She’s the photographer to the stars whose portraits have graced the covers of high-end glossies from Vogue to Vanity Fair, so when Annie Leibovitz announced her latest collaboration would be with Ikea, well, there was a lot to unpack.
Approached by the company during the pandemic, Leibovitz described the role as “a dream project for someone like myself”, apparently less to do with her love of affordable homeware (although she will be buying a niece some Ikea plates for a wedding present) and more the theme of the project – family.
Leibovitz travelled to seven countries documenting different ideas of family, with 20-odd pictures the result. The collaboration was showcased with an event at Paris fashion week, displaying Leibovitz’s photographs. The space, which also has a shop and cafe, will be open to the public until 3 March.
She says it was illuminating finding different definitions of “family” – including commune-like living, three parents looking after their son, and a young couple who had moved in with an older widow. “There was a thought that this was about the home,” says Leibovitz. “It really was about these people’s lives. It was so powerful and emotional to go into these people’s lives.”

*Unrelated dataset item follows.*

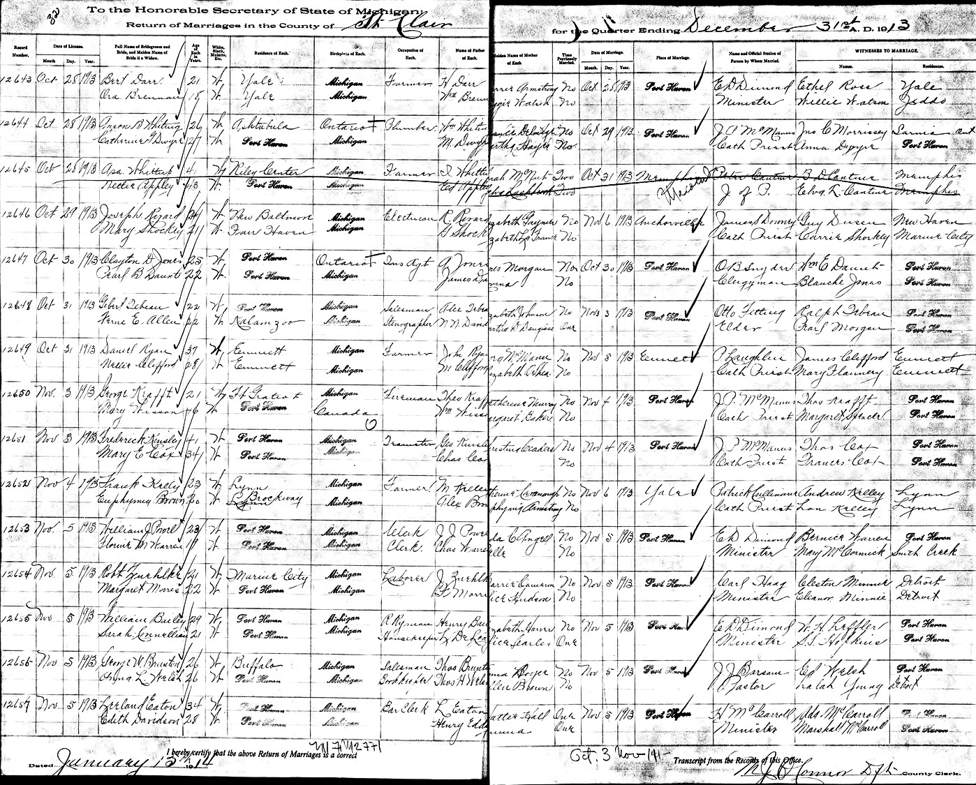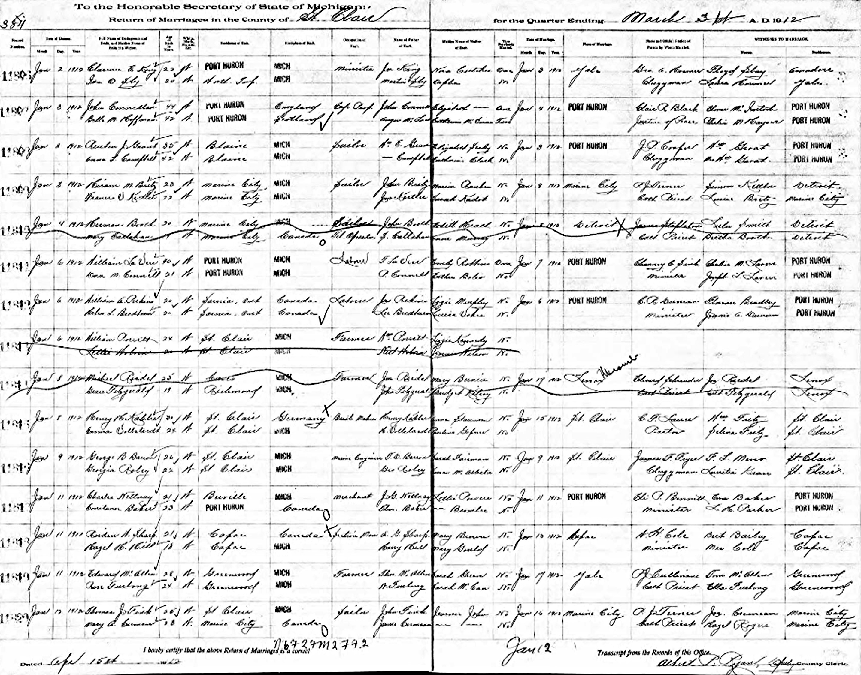 John Edward Connellan and Isabella Mae "Bella" (McLaughlin) (Unknown) Hoffman were married January 4, 1912, in Port Huron, St. Clair Co., MI.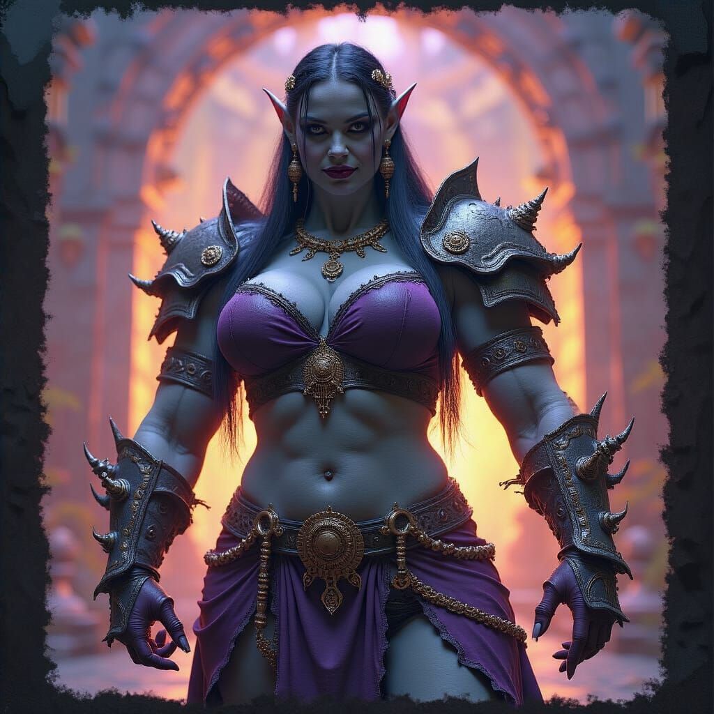 This image shows a muscular drow mother in dark fantasy armor, standing heroically. The shot features cinematic lighting, film grain, and a vignette, with purple and yellow hues in a fantasy art style.

Leibovitz is, of course, more usually in the lives of the rich and famous. But she says her approach to shoots doesn’t change to suit the star status of the subject. “I don’t take any sitting any more important or less important,” she says. “It’s almost a little bit of a curse – we do everything with exactly the same intensity.”
The photographer, who started her career in the early 70s taking pictures for Rolling Stone, says she is still fulfilled and excited about what she does, even in her mid-70s. “One of the things that’s not talked about enough is it gets so much more interesting to be older,” she says. “You know what you’re doing.” What is her biggest lesson? “I don’t spend a long time with a subject [any more],” she says. “If you’re not getting it [the picture] right away, you should come back.”
As well as to the portfolio of her photographs, Leibovitz has selected six photography mentees whom she has guided in their own projects about home, with the images displayed here. They range from Praise Hassan in Nigeria, who took pictures of her best friend’s house, to Toma Hurduc in Romania, who documented his partner and their dog. Particularly striking is the work of Elena Kalinichenko, based in Kyiv in Ukraine. Her images show a friend outside the ruins of where her house once was, and a sign to a bomb shelter.
Leibovitz is not the first fashion insider to have a connection to Ikea. Virgil Abloh, the influential designer who died in 2021, collaborated with the homewares store on a collection in 2018. The collection included a poster printed like a supersized Ikea receipt, and a mat that read Keep Off in his trademark Helvetica script.
The store’s blue Frakta bag was also the inspiration for a Balenciaga bag in 2017, which cost £1,600. Ikea has been good-natured about these fashion moments. After the outrage around the £1,600 bag, they released an advert for the “real” Frakta, emphasising its $0.99 price tag and that “if it rustles, it’s real”.